4.1 водные процедуры, сухая углекислая ванна и дыхательное лфк. экспонату А никогда не подходили медикаментозные психиатрические схемы. в кошельке спрятаны несколько таблеток азалептина на случай острого психоза – это всё. попробуем вправлять мозги тишиной, водой и дореволюционными трюками. попробуем не читать новости.

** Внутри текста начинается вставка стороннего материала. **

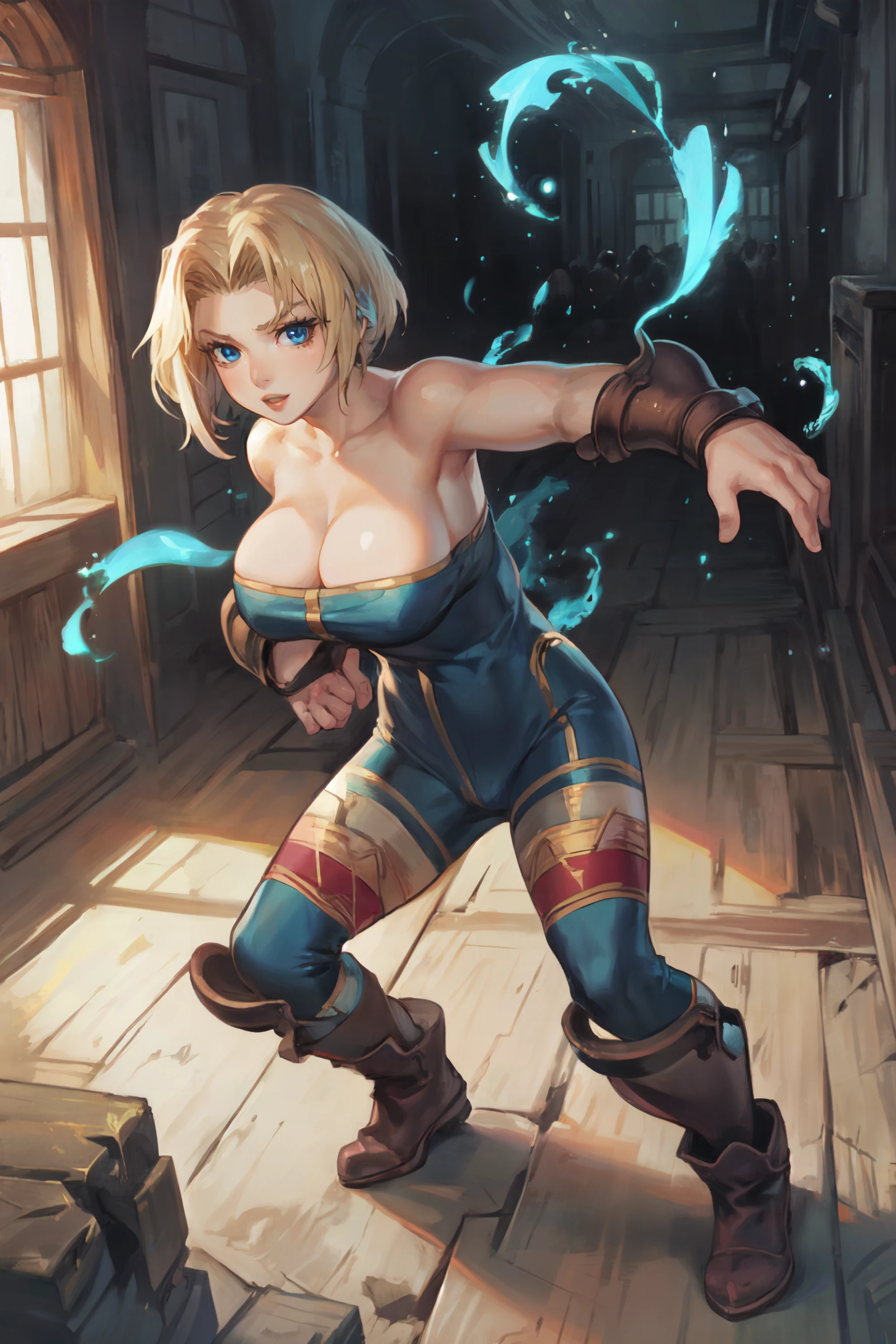 MonkFFT, short hair, blonde hair, blue eyes, muscular female, strapless, bare shoulders, blue unitard, gauntlets, boots,
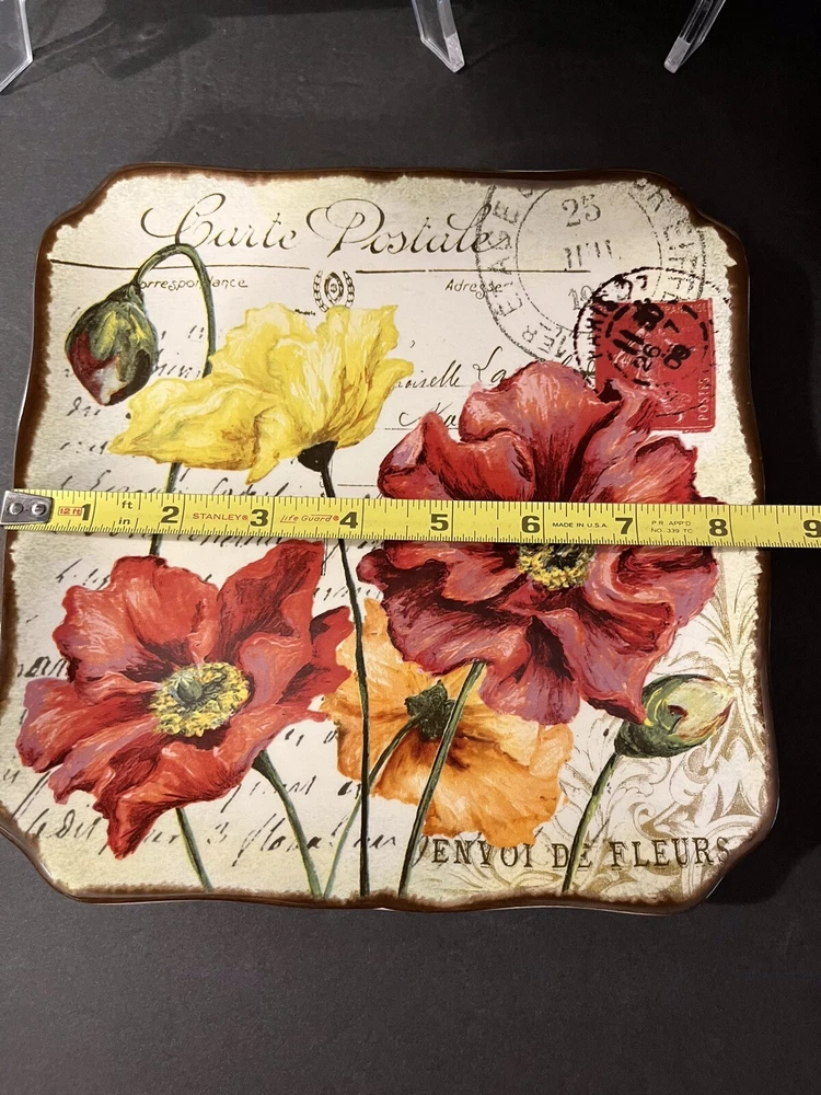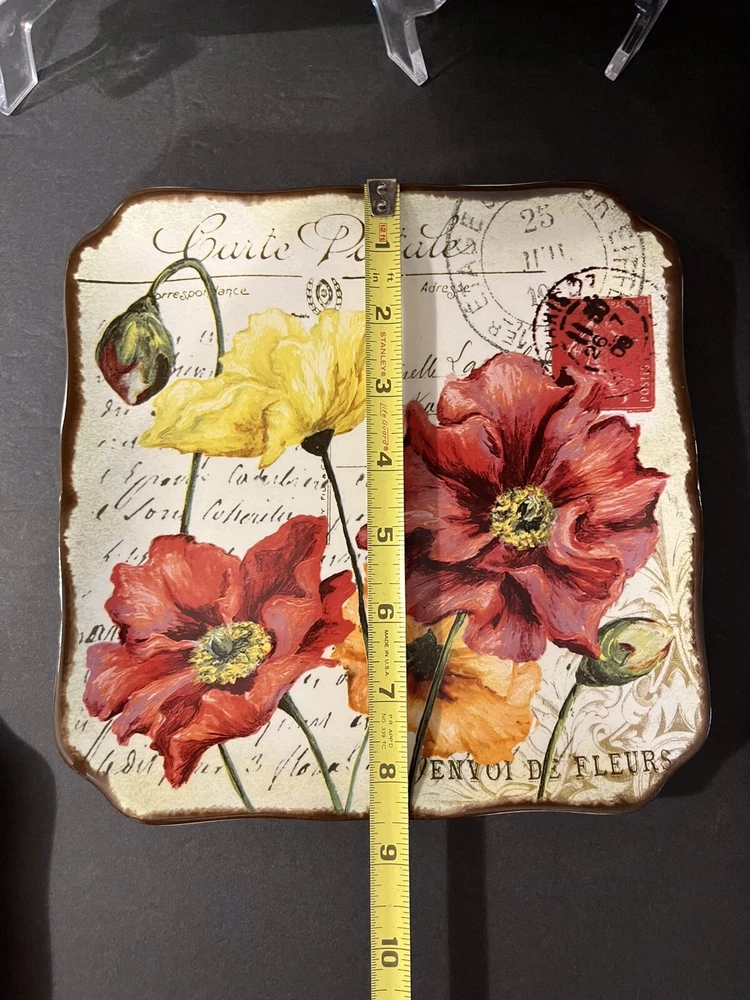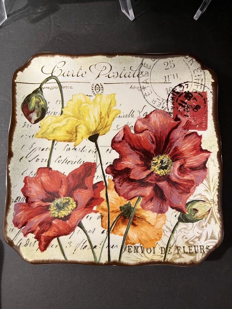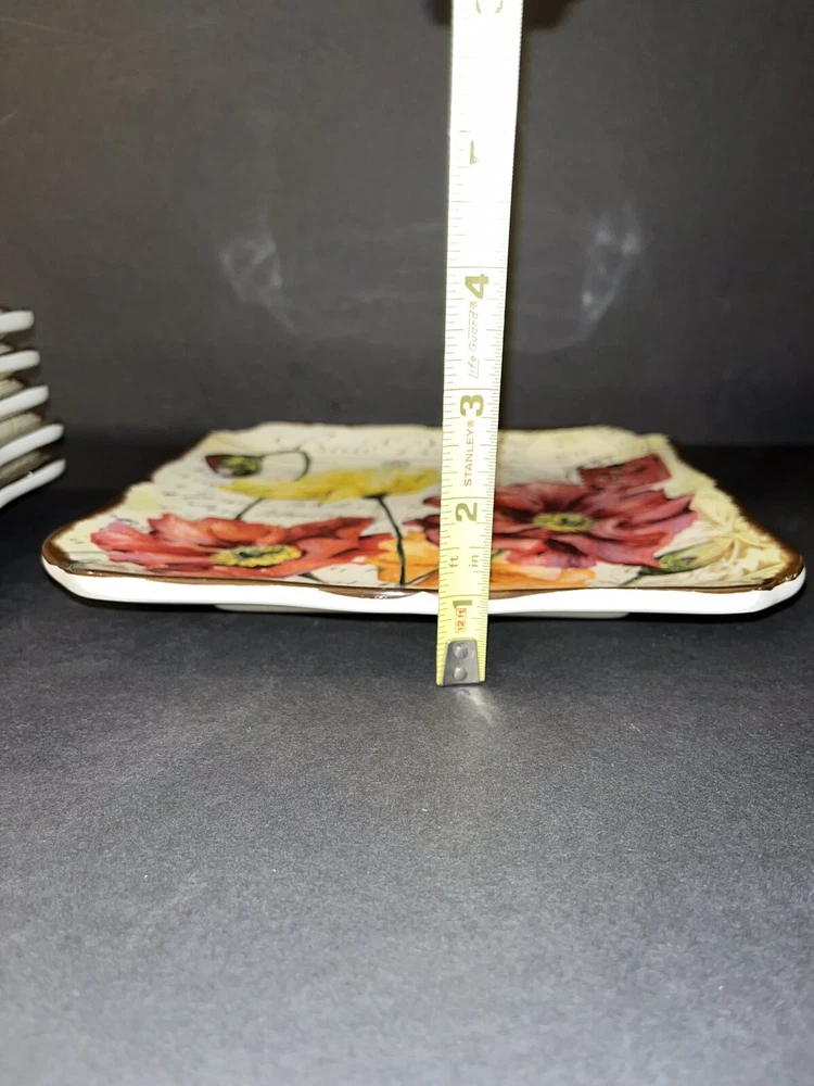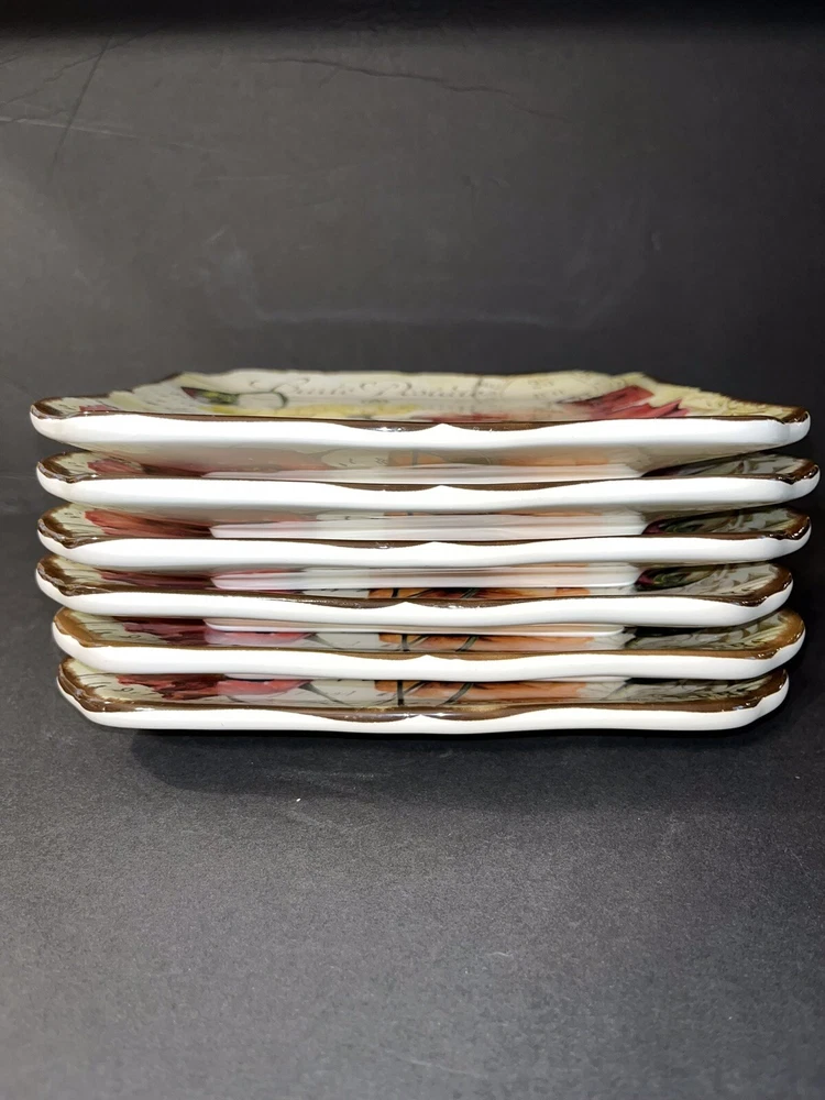 Add a touch of elegance to your dining experience with this six-piece set of Pier 1 Imports earthenware salad plates. The floral pattern and glossy finish of these 8.5" square plates make them perfect for all occasions. The set includes plates with a stackable and decorative design, featuring the Le Fleur Poppies product line. Crafted from high-quality earthenware material, these plates are durable and dishwasher safe. The printed backstamp and production style of these plates ensure that they are a perfect addition to your collection. Ideal for serving salads and other dishes, this set of plates is a must-have for any kitchen.
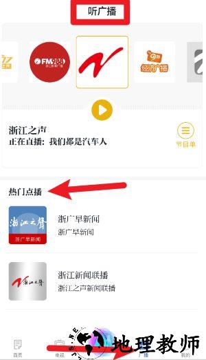 4、点击底部广播进入听广播界面,可收听浙江之声等频道,并查看热门音频节目。
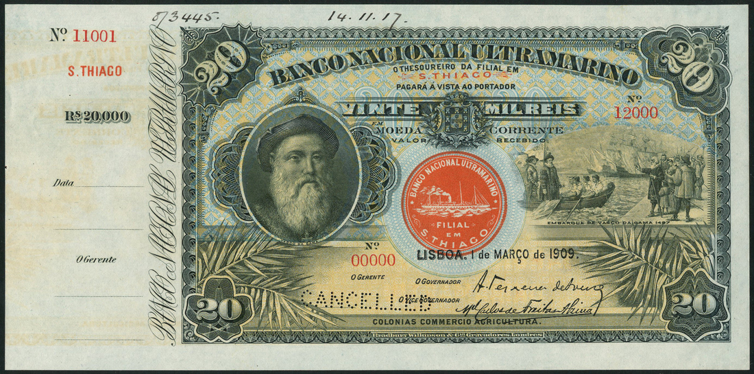 (†) Banco Nacional Ultramarino, Cape Verde, printer's archival specimen 20 Mil Reis with counterfoil, 1 March 1909, serial run 00000 to 12000, black on blue and yellow underprint, portrait of Vasco da Gama at left, his embarkation at right, steamship seal Type I at centre, red overprint S. THIAGO at upper centre, reverse orange-red, allegorical woman looking out at sailing ships, perforated CANCELLED
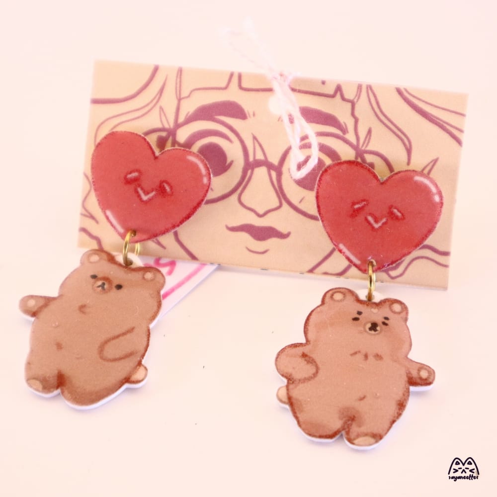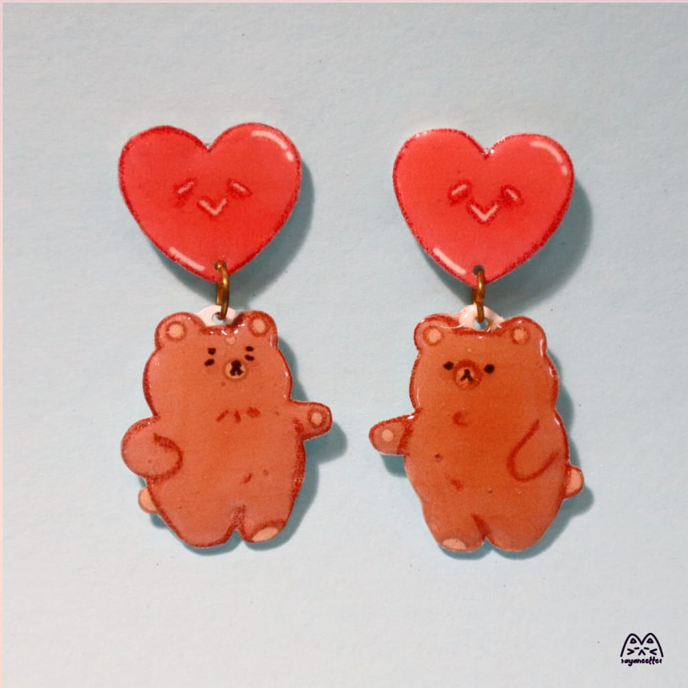 Estos aretes de amigos osos o amigosos fueron dibujados digitalmente en clip studio paint y una vez impresos fueron intervenidos con lápices de colores con mucho amor y son muy ligeros
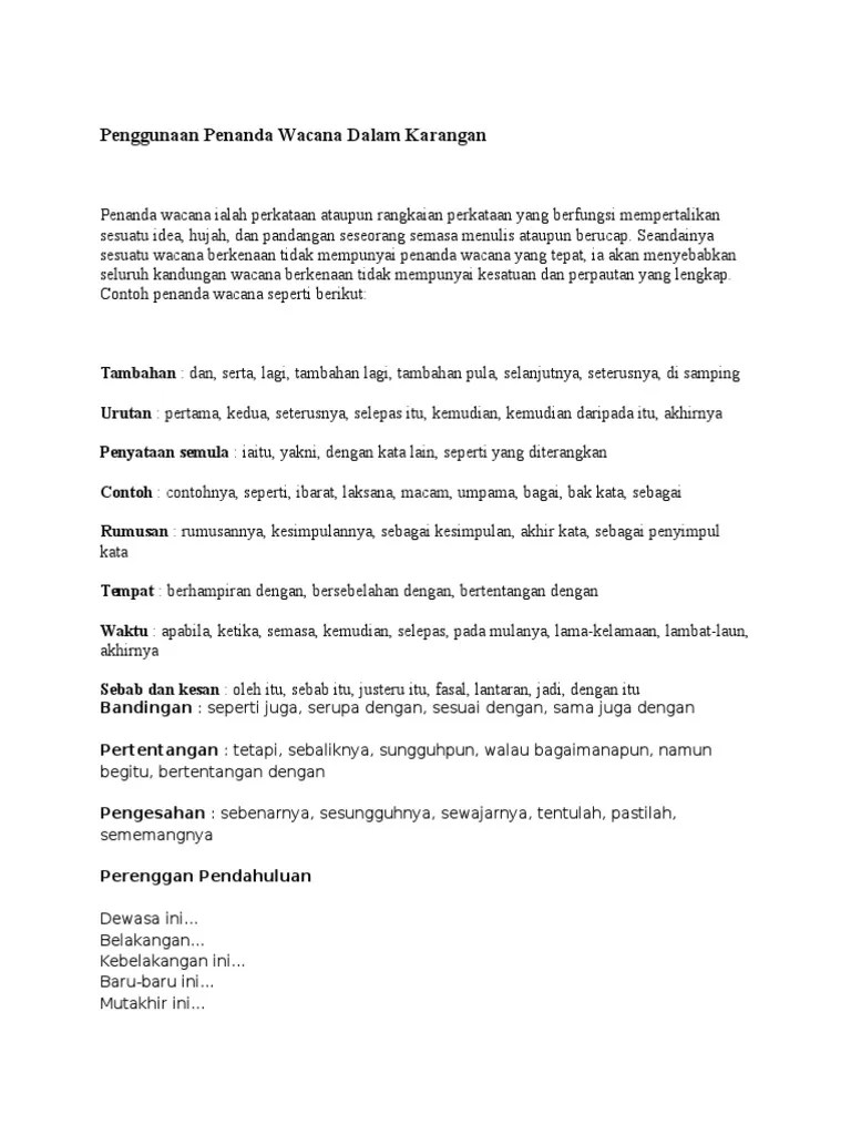 Contextual translation of contoh penanda wacana bahasa eng into english. Penanda wacana bahasa inggeris google search essay writing skills essay. I am fluent in english and bahasa melayu | intermediate: For instance (misalnya) in the case of (dalam kes) as revealed by… Okay, many people who learn english as their secondary language struggle to use penanda wacana (or discourse · cause and effect:
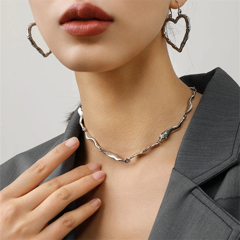 AOMU Summer Sweet Silver Color Metal Wave Clavicle Chain Irregular Geometric Hollow Cross Necklace for Women Party Accessories
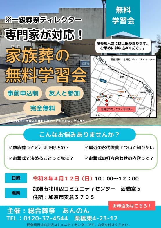 令和8年4月12日(日) 加須市北川辺コミュニティセンター

4.2 после дождей тут практически рай. в наполненных прудах раскрываются кувшинки и чавкают рыбы. кошки перемещаются в поросших клумбах, как львиный прайд, птицы поют в полный голос, на подсохшей террасе перед водолечебницей стучит пернатый воланчик. под розовыми кустами лежат отъятые ветром лепестки. на фонтане стоит нежная женщина-лебедь с широкими бедрами позапрошлого века. небо меняется каждый час. море – каждую минуту. мужчина в зеленом комбинезоне делает обход парковых урн. пенсионеры разгадывают в кроссворде реку коми-пермяцкого автономного округа. медленно ходят и изредка фотографируются женщины в белых бриджах, сидящих на них с утвердительной интонацией: да, она мать, она подарила жизнь своим детям. после того, как солнце скрылось за соседний гостиничный небоскреб, на пляже нет никого – кроме морских блох и спасателя, который плавает и собирает в черный пакет мусор вечернего прилива. по линии горизонта идет рейсовый катер.
это место было бы легко назвать раем. раем, который полтораста лет лечит умаянные нервные системы бурлящими ваннами и душем Шарко. но рая нет на земле. рай погиб – и погибает снова и снова. и сколько раз он погибал за эти полтораста лет. и сколько раз он погибает за эти дни. сто лет назад прямо здесь сидели люди, месяцами играли в карты, думали, что всё как-нибудь для них решится. каждую ночь ломали ворота, а утром их заново сколачивали. какой-то бред…
неизменность природы (и санаторных процедур) больше не утешает. адское пламя горит внутри – и даже воде, в которой А родилась, выросла и баловала свою блаженную женственность, белую, как крылья лебедя, – не потушить, не загасить, не обезболить.
все семьи, прогуливающиеся по санаторному парку, или сидящие у набегающей волны, вызывают жалость и ненависть. мужчины кажутся уродливыми, жены похожи на увядшие цветы, дети... дети не знают, что несут в себе терпкий плод их поражения. они все — с чего бы это — похожи на экспоната А с мамой и папой, на ее изначальное невывожение, и скуку, и гнусность.
только кошки тут все молоды и стройны. у столовой стоит аппарат, выдающий не жвачки или попрыгуны, а капсулы с кошачьим кормом. "кормите кошек правильно", – написано на стекле. экспонат А не любит кошек, но покорно идет менять банкноту на десятирублевые монеты, крупные и золотые, как сольдо Буратино.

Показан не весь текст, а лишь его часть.